Nrina looked pleased. "Well, something like that, yes. And calcium binders so his bones won't break too easily, and all sorts of other things. You've seen how Dekkaduk looks? And he's only been to Newmanhome a few times, collecting specimens—" She looked embarrassed. "Bringing back people for me, I mean."

"Like me."

"Well, yes, of course like you. Anyway, Pelly goes there all the time. It makes him look gross, of course, which is why I would never— Oh, Viktor, I didn't mean it that way. After all, you were born like that."

He let that pass. "And did Pelly really land on Nebo?"

"You mean in person? Certainly not. No one has done that for many years."

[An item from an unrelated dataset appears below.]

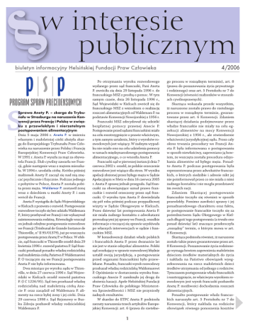 w interesie publicznym biuletyn informacyjny Helsińskiej Fundacji Praw Człowieka S Sprawa Anety P. – skarga do Trybunału w Strasburgu na naruszenie Konwencji przez Francję i Polskę w związku z przewlekłym i nierzetelnym postępowaniem alimentacyjnym Dnia 5 maja 2006 r. Aneta P. w imieniu własnym i małoletniej córki złożyła skargę do Europejskiego Trybunału Praw Człowieka na naruszenie przez Polskę i Francję Europejskiej Konwencji Praw Człowieka. W 1991 r. Aneta P. wyszła za mąż za obywatela Francji. Ślub cywilny zawarła we Francji, gdzie następnie wraz z mężem mieszkała. W 1994 r. urodziła córkę. Krótko później małżonek Anety P. zaczął się nad nią znęcać psychicznie i fizycznie. Podczas jednego z pobytów w Polsce, Aneta P. została pobita przez męża. Waldemar P. zostawił żonę wraz z dzieckiem u matki Anety P. i sam wrócił do Francji. Aneta P. wystąpiła do Sądu Wojewódzkiego w Kielcach z pozwem o rozwód. Postępowanie rozwodowe toczyło się bez udziału Waldemara P., który przebywał we Francji i nie wykazywał zainteresowania rodziną. Równolegle wszczął on jednak odrębne postępowanie rozwodowe we Francji (Trinbunal de Grande Instance de Thionville, n° II 95/01379), już po wszczęciu postępowania przez Anetę P. w Polsce. W efekcie, sąd francuski w Thionville orzekł dnia 29 kwietnia 1996 r. rozwód państwa P. Sąd francuski przekazał ponadto władzę rodzicielską nad małoletnia córką Państwa P. Waldemarowi P. O toczącym się we Francji postępowaniu Aneta P. nie była informowana. Dwa miesiące po wyroku sądu w Thionville, w dniu 27 czerwca 1996 r. Sąd Wojewódzki w Kielcach orzekł rozwód państwa P. (I C 1226/95). Sąd ten przekazał władzę rodzicielską nad małoletnią córką Anecie P. oraz zasądził od Waldemara P. alimenty na rzecz byłej żony i jej córki. Dnia 29 czerwca 1998 r. Sąd Rejonowy w Busku Zdroju pozbawił władzy rodzicielskiej Waldemara P. Po otrzymaniu wyroku rozwodowego wydanego przez sąd francuski, Pani Aneta P. zwróciła się dnia 29 listopada 1996 r. do francuskiego MSZ z prośbą o pomoc. W tym samym czasie, dnia 26 listopada 1996 r., Sąd Wojewódzki w Kielcach zwrócił się do francuskiego MSZ z wnioskiem o realizację roszczeń alimentacyjnych od Waldemara P. na podstawie Konwencji Nowojorskiej z 1956 r. Francuski MSZ zdecydował się udzielić bezpłatnej pomocy prawnej Anecie P. Postępowanie przed sądami francuskimi miało na celu rozstrzygnięcie o prawie właściwym, a tym samym ustalenie, który z wyroków rozwodowych jest wiążący. W żadnym wypadku nie miało ono na celu udzielenia pomocy w ramach międzynarodowego postępowania alimentacyjnego, o co wnosiła Aneta P. Francuski sąd w pierwszej instancji dnia 7 czerwca 2002 r. orzekł, że polskie orzeczenie rozwodowe jest wiążące dla stron. W wyniku apelacji złożonej przez byłego męża w Sądzie Apelacyjnym w Metz w dniu 16 czerwca 2005 r. Aneta P. sprawę jednak przegrała. Sąd francuski za obowiązujące uznał prawo francuskie i rozwód orzeczony przez sąd francuski. O wyroku tym Aneta P. dowiedziała się pół roku później podczas przypadkowej wizyty w Sądzie Okręgowym w Kielcach. Przez dziewięć lat postępowania Aneta P. nie miała żadnego kontaktu z adwokatami prowadzącymi jej sprawy we Francji, wszelkie informacje o toczącej się sprawie uzyskiwała po własnych interwencjach w sądzie i francuskim MSZ. W konsekwencji działań władz polskich i francuskich Aneta P. przez dwanaście lat nie jest w stanie odzyskać alimentów. Polski sąd orzekający w sprawie rozwodowej błędnie ustalił swoją jurysdykcję, a postępowanie przed organami francuskimi było przewlekane. Ponadto, francuski wyrok rozwodowy przekazał władzę rodzicielską Waldemarowi P. Opóźnienie w dostarczeniu wyroku francuskiego Anecie P. zamknęło jej drogę do złożenia kasacji. Apele Helsińskiej Fundacji Praw Człowieka do polskiego Ministerstwa Sprawiedliwości i MSZ nie przyniosły żadnych rezultatów. W skardze do ETPC Aneta P. podniosła zarzuty naruszenia trzech artykułów Europejskiej Konwencji: art. 6 (prawa do rzetelne- 1 4/2006 go procesu w rozsądnym terminie), art. 8 (prawa do poszanowania życia prywatnego i rodzinnego) oraz art. 5 Protokołu nr 7 do Konwencji (równości małżonków w stosunkach cywilnoprawnych). Skarżąca wskazała przede wszystkim, iż naruszone zostało prawo do rzetelnego procesu w rozsądnym terminie, gwarantowane przez art. 6 Konwencji. Zdaniem skarżącej działania podejmowane przez władze francuskie nie miały na celu egzekucji alimentów na mocy Konwencji Nowojorskiej z 1956 r., ale stwierdzenie właściwości jurysdykcyjnej sądu. Przez cały okres trwania procedury we Francji Aneta P. była informowana o postępowaniu w sposób niewłaściwy, zapewniano ją bowiem, że wszczęta została procedura odzyskania alimentów od byłego męża. Ponadto Aneta P. podczas postępowania była reprezentowana przez adwokatów francuskich, o których siedzibie i adresie nikt jej nie poinformował przez co nie miała z nimi żadnego kontaktu i nie mogła przedstawić im swoich racji. Zdaniem Skarżącej postępowanie francuskie toczyło się również w sposób przewlekły. Pomimo zawiłości sprawy i jej ponadnarodowego charakteru oraz faktu, że postępowanie francuskie toczyło się za pośrednictwem Sądu Okręgowego w Kielcach długość tego postępowania (a trwało ono ponad dziewięć lat) znacząco przekroczyła „rozsądny” termin, o którym mowa w art. 6 Konwencji. Skarżąca podniosła również, iż naruszone zostało także prawo gwarantowane przez art. 8 Konwencji. Poszanowanie życia rodzinnego wymaga bowiem zapewnienia małoletnim dzieciom środków materialnych do życia i nakłada na Państwo obowiązek wyegzekwowania na rzecz małoletnich dzieci środków utrzymania od jednego z rodziców. Tymczasem postępowanie władz francuskich i rozstrzygnięcie, ż

"But people have landed there?"

Nrina sighed. "Yes, certainly. Several times."

"But not anymore?"

"Viktor," she said sensibly, "of course not. What would be the point? There's air, but it's foul; the heat is awful. And the gravity crushes you to walk there, Viktor—well, not you, no, but any normal person. It's much stronger than on a Moon. It's almost as bad as Newmanhome, but at least Newmanhome has a decent climate."

"But Nrina! There may be people on Nebo. Some of my own friends landed there—"

"Yes, and never came back. I know. You told me," Nrina said. "Isn't that a good enough reason to stay away?"

"But somebody made those machines. Not human, no."

"There's no one there. We've looked. Just the old machines."

"And have the machines been investigated scientifically?"